Love the dudes last name. Fitting that a guy named Haqqani doesn't want Pakistan to play with the US anymore.


----------



## Chopstick (Aug 23, 2012)

Does the US get the fiftyeleventygazillion dollars back as alimony in the settlement?  I dont have a problem with Pakistan getting the "USMC made in Pakistan" jackets.


----------



## AWP (Aug 23, 2012)

Grey said:


> Love the dudes last name.
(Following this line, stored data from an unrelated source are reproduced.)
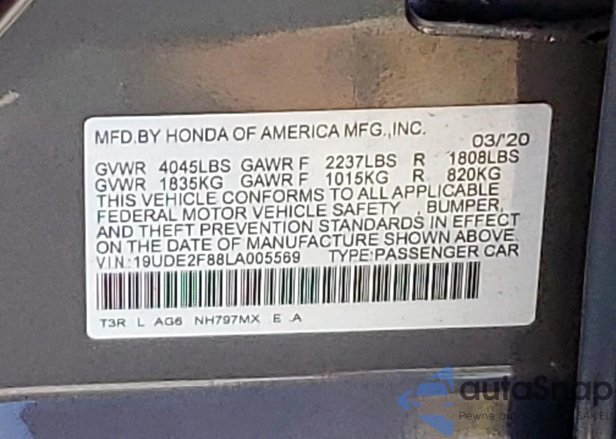 VIN: 19UDE2F88LA005569
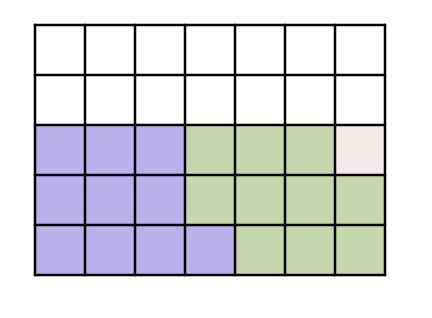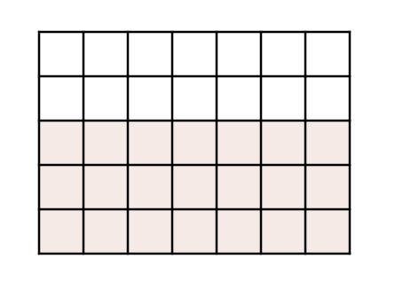 Chaque part représente \(\frac{1}{5}\) de l’entier, il y a \(3\) parts. Il est difficile de voir combien de paquets de \(2\) parts on peut faire car ces parts sont de tailles différentes ; dans ce cas-ci, on voudrait faire des paquets de \(2\) parts de \(\frac{1}{7}\) alors que les morceaux à notre disposition sont de \(\frac{1}{5}\). Solution ? Chercher des morceaux de la même taille. Cela revient, bien sûr, à trouver un dénominateur commun. Ici, si on divise chaque morceau en sept parts, on obtient \(35\) parts dans l’entier.
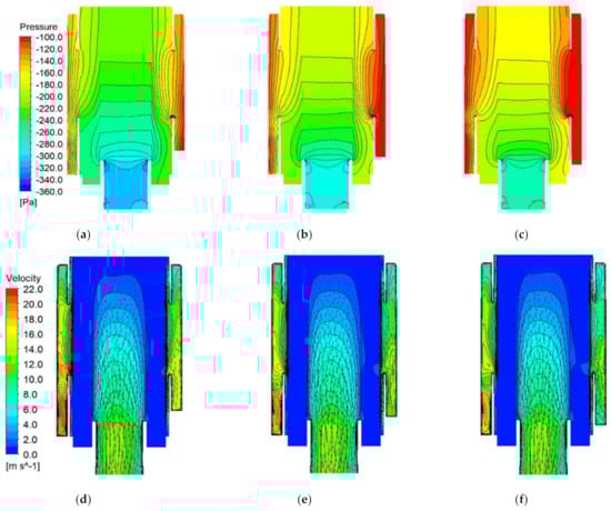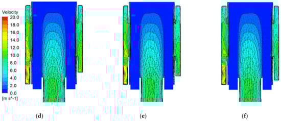 Pressure and velocity contour on plan specified Figure 12 according to change in design variable α at 6000 rpm condition: pressure contours at (a) α = 30°, (b) α = 40° and (c) α = 50°, and velocity contours at (d) α = 30°, (e) α = 40° and (f) α = 50°.

Fitting that a guy named Haqqani doesn't want Pakistan to play with the US anymore.


 
I don't think he's related to the Haqqani network.


----------



## Grey (Aug 23, 2012)

Didn't think he was, it was a joke.


----------



## Marauder06 (Aug 23, 2012)

Grey said:


> Didn't think he was, it was a joke.


 
I didn't think it was a joke the first time I heard it.   "The ambassador to the US is a Haqqani?  GTFO!"  but then I did some investigating and it appeared he wasn't connected to the network.  Well, "not connected" inasmuch as one can be a high-level member of the Pakistan government and not be connected to them.


----------



## AWP (Aug 23, 2012)

If India invaded Pakistan I think I'd merc myself out for a pack of gum just for the chance to watch Islamabad burn.


----------



## RackMaster (Aug 23, 2012)

Freefalling said:


> If India invaded Pakistan I think I'd merc myself out for a pack of gum just for the chance to watch Islamabad burn.


 
I'd be looking for the nearest bookie taking bets and put a few coins down on India FTW!  ;)


----------